## Dataset records
*** Block opens ***

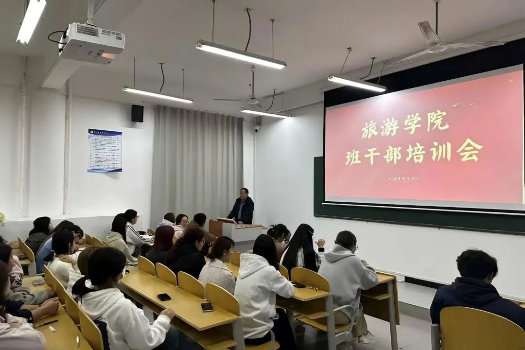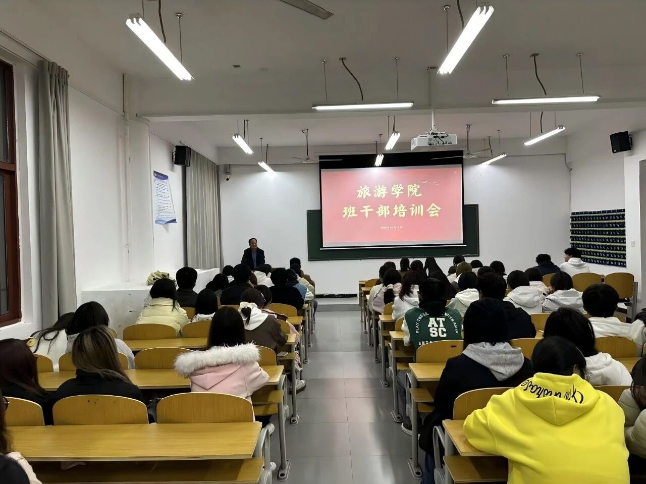 为系统提升学生骨干的综合素养与管理能力,使其更好地履行职责、服务集体。2025年10月10日晚,郑州体育职业学院副校长王俊卿在嵩阳书院104教室,为2025级旅游学院班干部召开一场以“提升班级管理水平,增强班干部素质能力”为主题的专题培训。
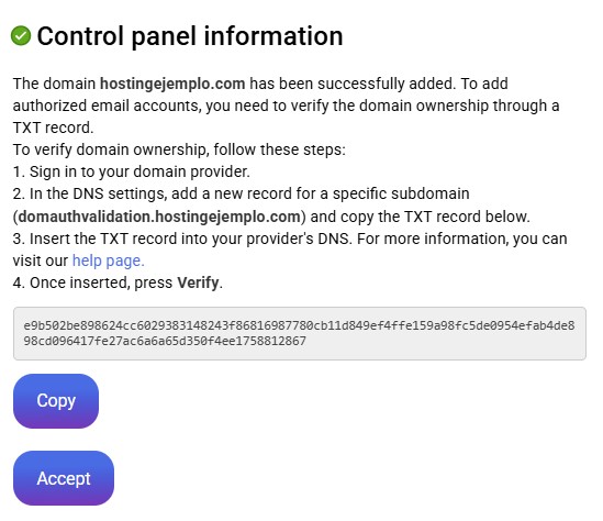 It will again open the window to verify domain ownership. Now is the time to do the process of creating a TXT record with the text that appears to it. You must do so in the DNS management of the external domain. How to set up a TXT record
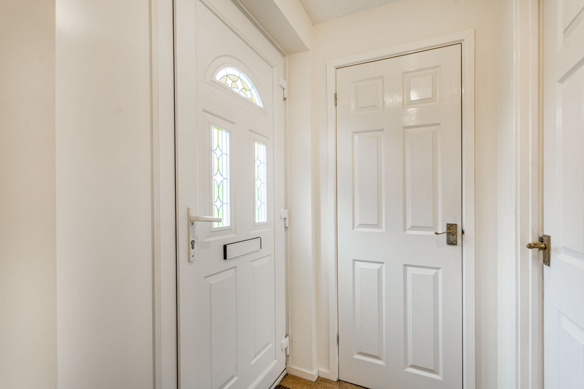 UPVC double glazed front entrance door, radiator, door to cloaks cupboard and doors to
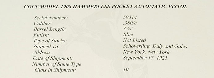 Colt Pocket Hammerless 1908 .380 ACP serial number 59314 (ca. 1921) - Pistol was one of 10 shipped to Schoverling, Daly and Gales, New York, New York, September 17, 1921.
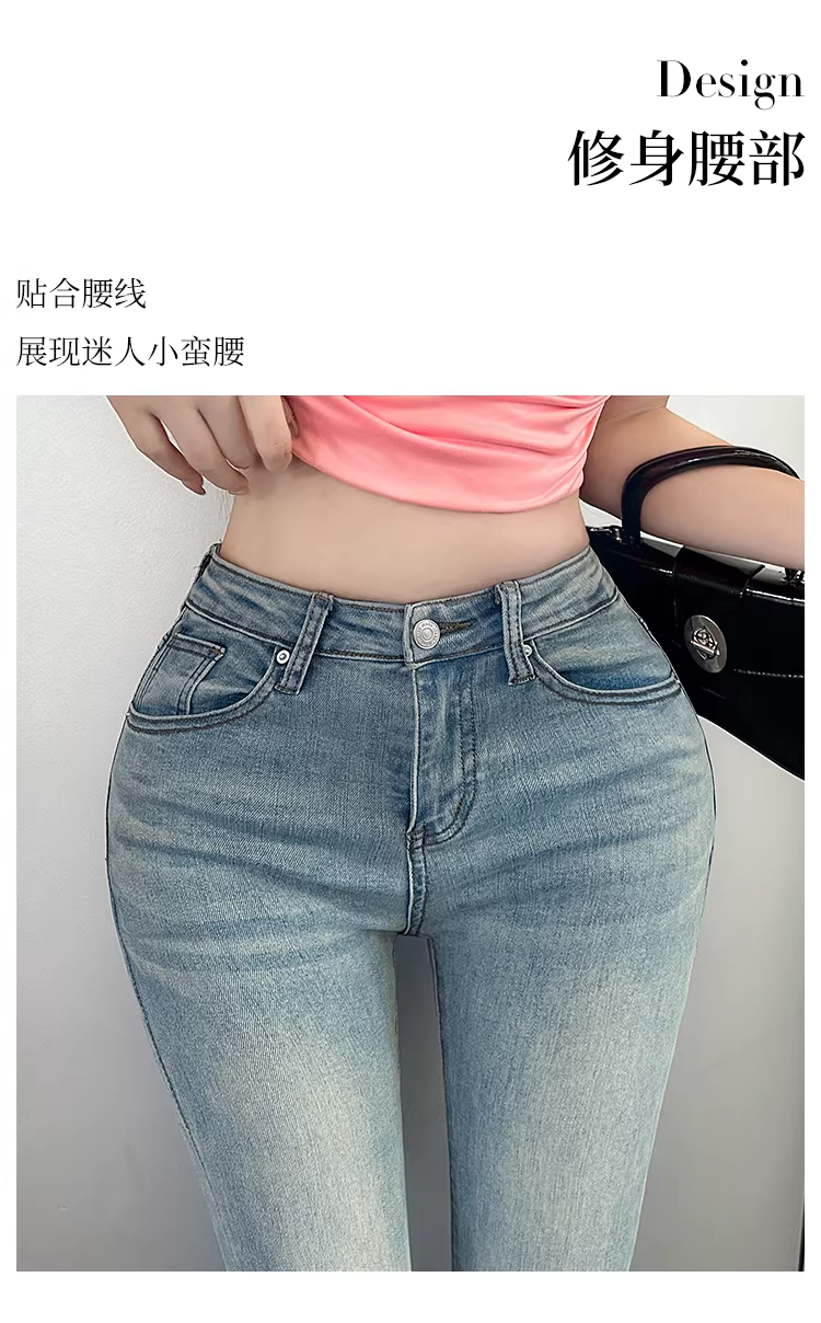 Quần jean ống loe màu trắng cho nữ, xuân thu, tôn hông, hông rộng, người cao, quần cực dài, quần skinny, quần ống loe
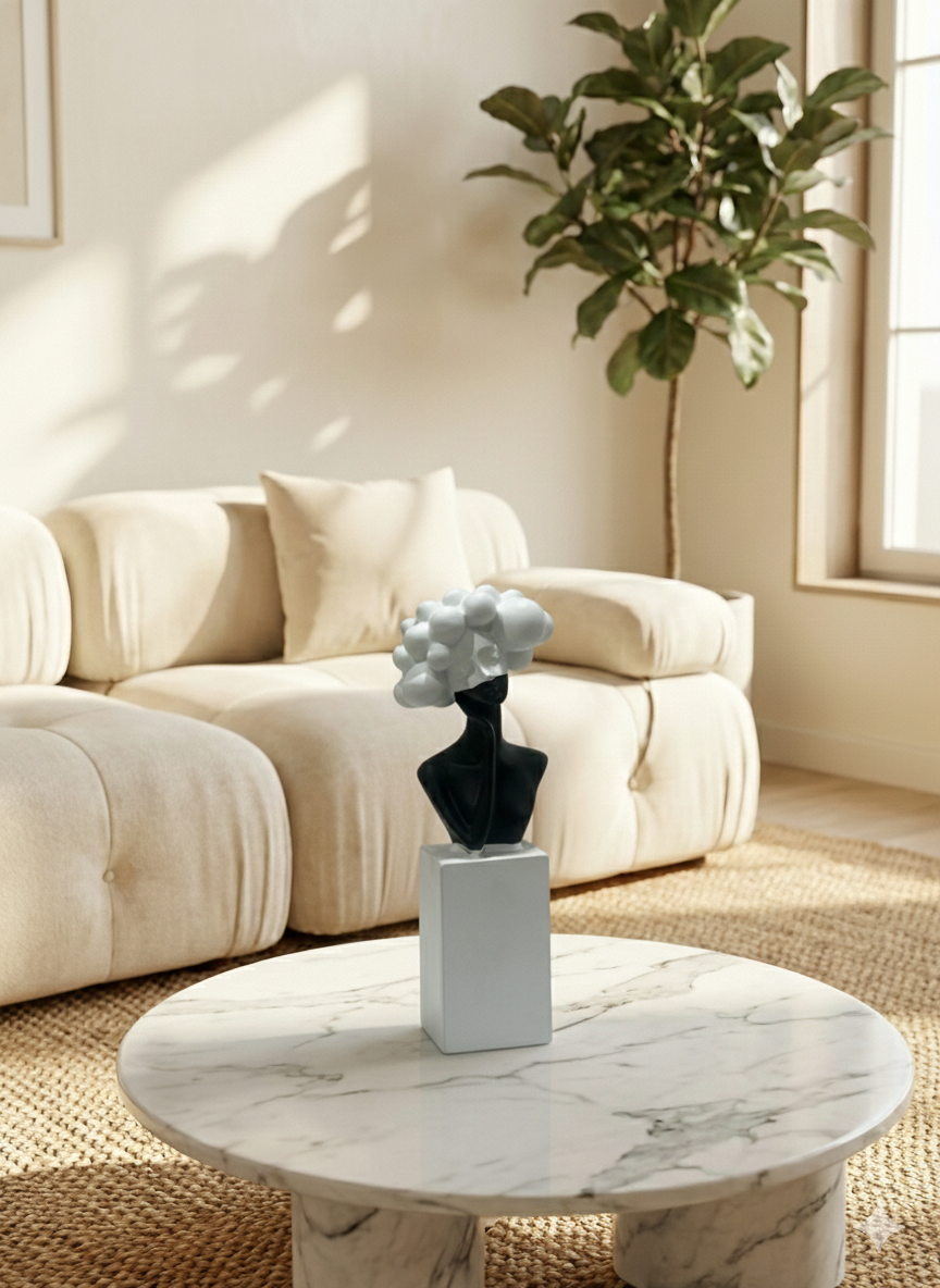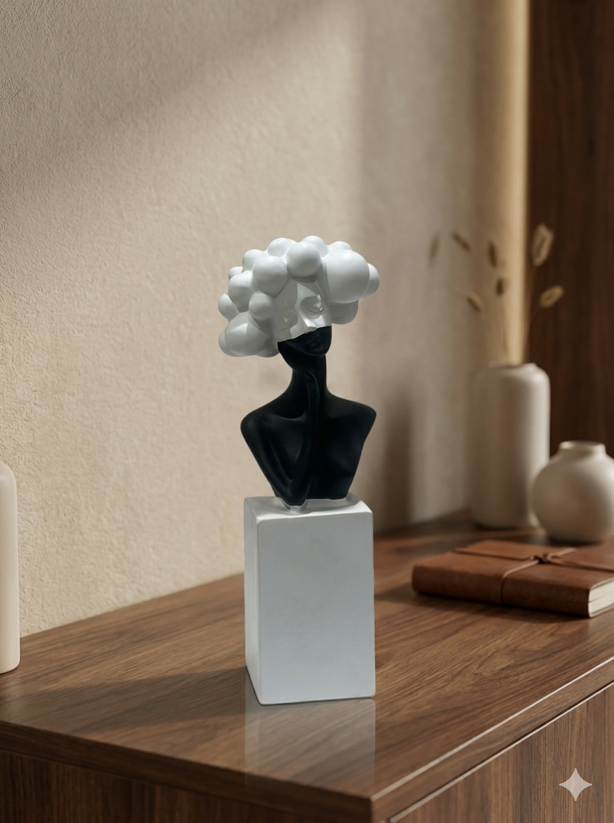 Abstract Cloud Head Bust Sculpture - Black & White Resin
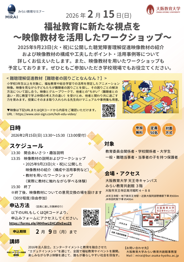 | 場所 | 大阪教育大学 天王寺キャンパス みらい教育共創館3階 |
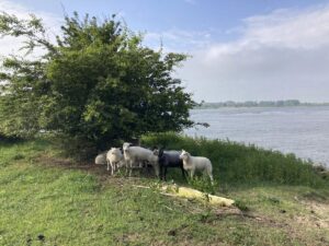 Een schapenweide (zie je niet vaak aan de Waal) en in de Heesseltsche uiterwaarden de kudde Hereford runderen en Koniks, allen met jonkies.
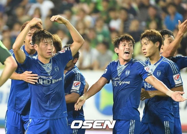 6일 오후 전주월드컵경기장에서 열린 전북 현대와 수원 삼성의 '현대오일뱅크 K리그 클래식 2014' 19라운드 경기,후반 수원 삼성 김두현이 역전골을 성공시키며 환호하고 있다.
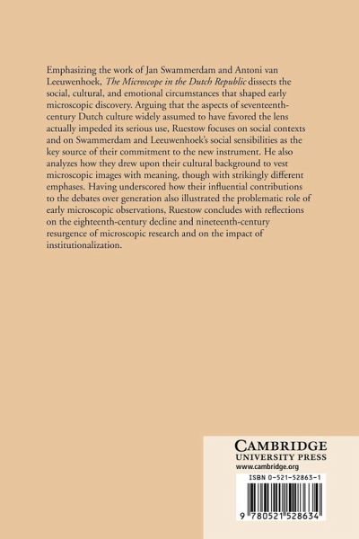 Focusing on the two seventeenth-century pioneers of microscopic discovery, the Dutchmen Jan Swammerdam and Antoni van Leeuwenhoek, the author demonstrates that their uneasiness with their social circumstances spurred their discoveries. Ruestow argues that while aspects of Dutch culture impeded serious research with the microscope, the contemporary culture shaped how Swammerdam and Leeuwenhoek responded to what they saw through the lens. For those interested in the history of science, this book considers the impact of institutionalization on microscopic research, and dissects the cultural, social and emotional circumstances that shaped early microscopic discovery.
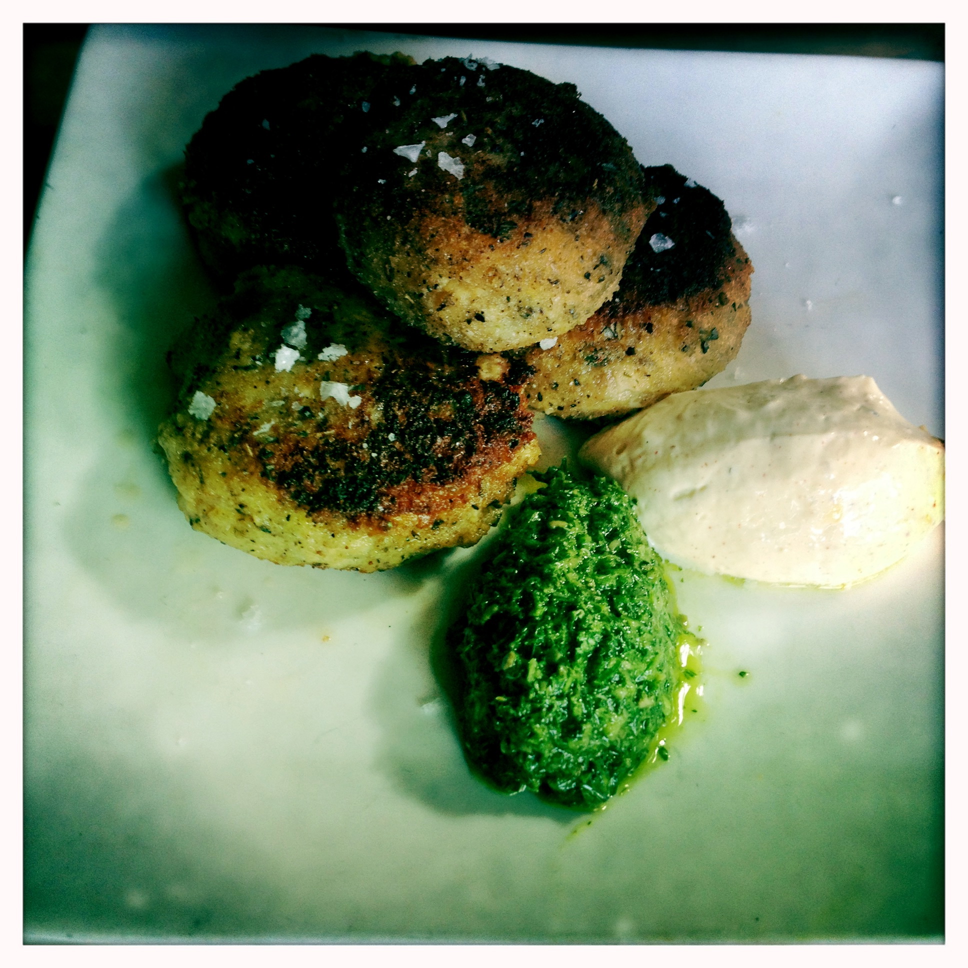 FRIED POLENTA AND PORK BALLS, PARSLEY SALSA VERDE, PAPRIKA MAYONNAISE
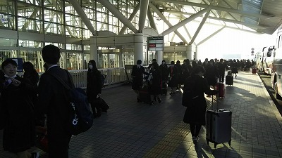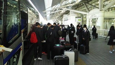 修学旅行初日の集合は早いです。
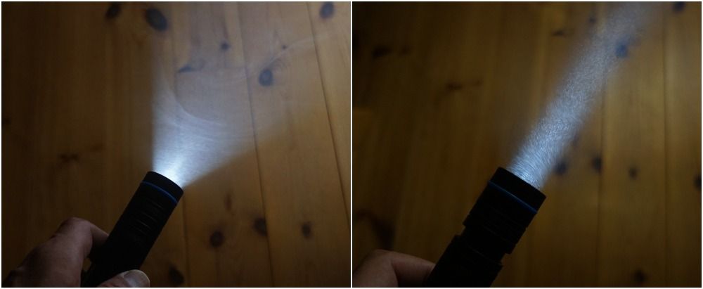ヘッド部はツイスト式のフォーカスレンズが付いています。リフレクターではなくレンズ照射になります。そのため、ヘッドを前方に伸ばすと照射光が絞られスポットな配光に、元に戻すとワイドなフラット配光になります。近くを照らすときはムラのないフラット光、遠くを照らすときはスポットと、状況や用途に合わせて切り替えられます。
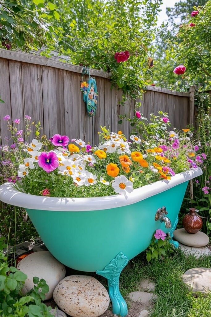 Are you planning on throwing out your old bathtub? If so, instead of throwing it out, repurpose it and turn it into an eye-catching flower planter.
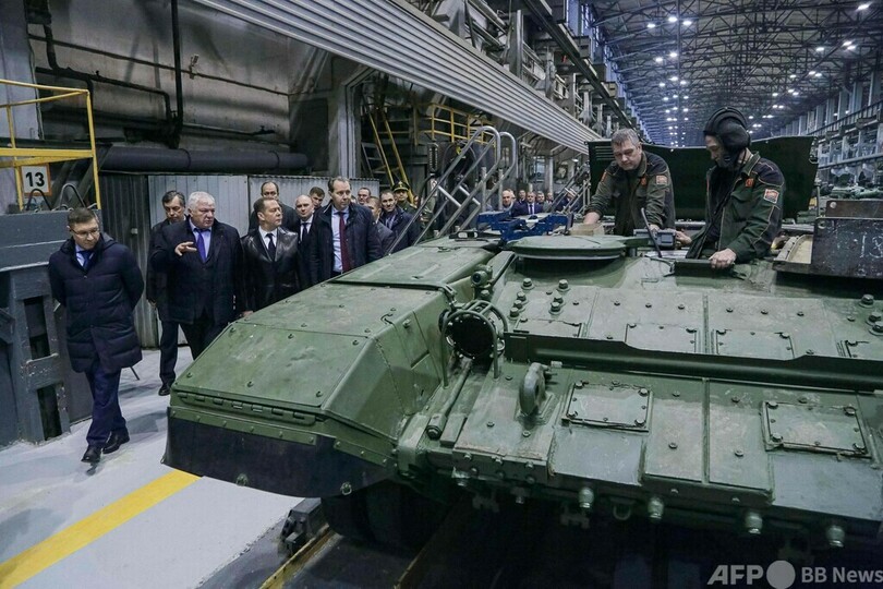 【10月25日 AFP】ロシアのドミトリー・メドベージェフ(Dmitry Medvedev)前大統領は24日、中部ニジニータギル(Nzhny Tagil)の戦車など軍用車両の製造を手掛けるウラルバゴンザボード(Uralvagonzavod)社の工場を視察した。

*** Block closes ***

## What you have to do
Pictures stay out; retype only the lines from the line containing "6일 오후 전주월드컵경기장에서" through the end of the listing, inclusive, exactly as they appear.

## Your response
 6일 오후 전주월드컵경기장에서 열린 전북 현대와 수원 삼성의 '현대오일뱅크 K리그 클래식 2014' 19라운드 경기,후반 수원 삼성 김두현이 역전골을 성공시키며 환호하고 있다.
 Focusing on the two seventeenth-century pioneers of microscopic discovery, the Dutchmen Jan Swammerdam and Antoni van Leeuwenhoek, the author demonstrates that their uneasiness with their social circumstances spurred their discoveries. Ruestow argues that while aspects of Dutch culture impeded serious research with the microscope, the contemporary culture shaped how Swammerdam and Leeuwenhoek responded to what they saw through the lens. For those interested in the history of science, this book considers the impact of institutionalization on microscopic research, and dissects the cultural, social and emotional circumstances that shaped early microscopic discovery.
 FRIED POLENTA AND PORK BALLS, PARSLEY SALSA VERDE, PAPRIKA MAYONNAISE
 修学旅行初日の集合は早いです。
ヘッド部はツイスト式のフォーカスレンズが付いています。リフレクターではなくレンズ照射になります。そのため、ヘッドを前方に伸ばすと照射光が絞られスポットな配光に、元に戻すとワイドなフラット配光になります。近くを照らすときはムラのないフラット光、遠くを照らすときはスポットと、状況や用途に合わせて切り替えられます。
 Are you planning on throwing out your old bathtub? If so, instead of throwing it out, repurpose it and turn it into an eye-catching flower planter.
 【10月25日 AFP】ロシアのドミトリー・メドベージェフ(Dmitry Medvedev)前大統領は24日、中部ニジニータギル(Nzhny Tagil)の戦車など軍用車両の製造を手掛けるウラルバゴンザボード(Uralvagonzavod)社の工場を視察した。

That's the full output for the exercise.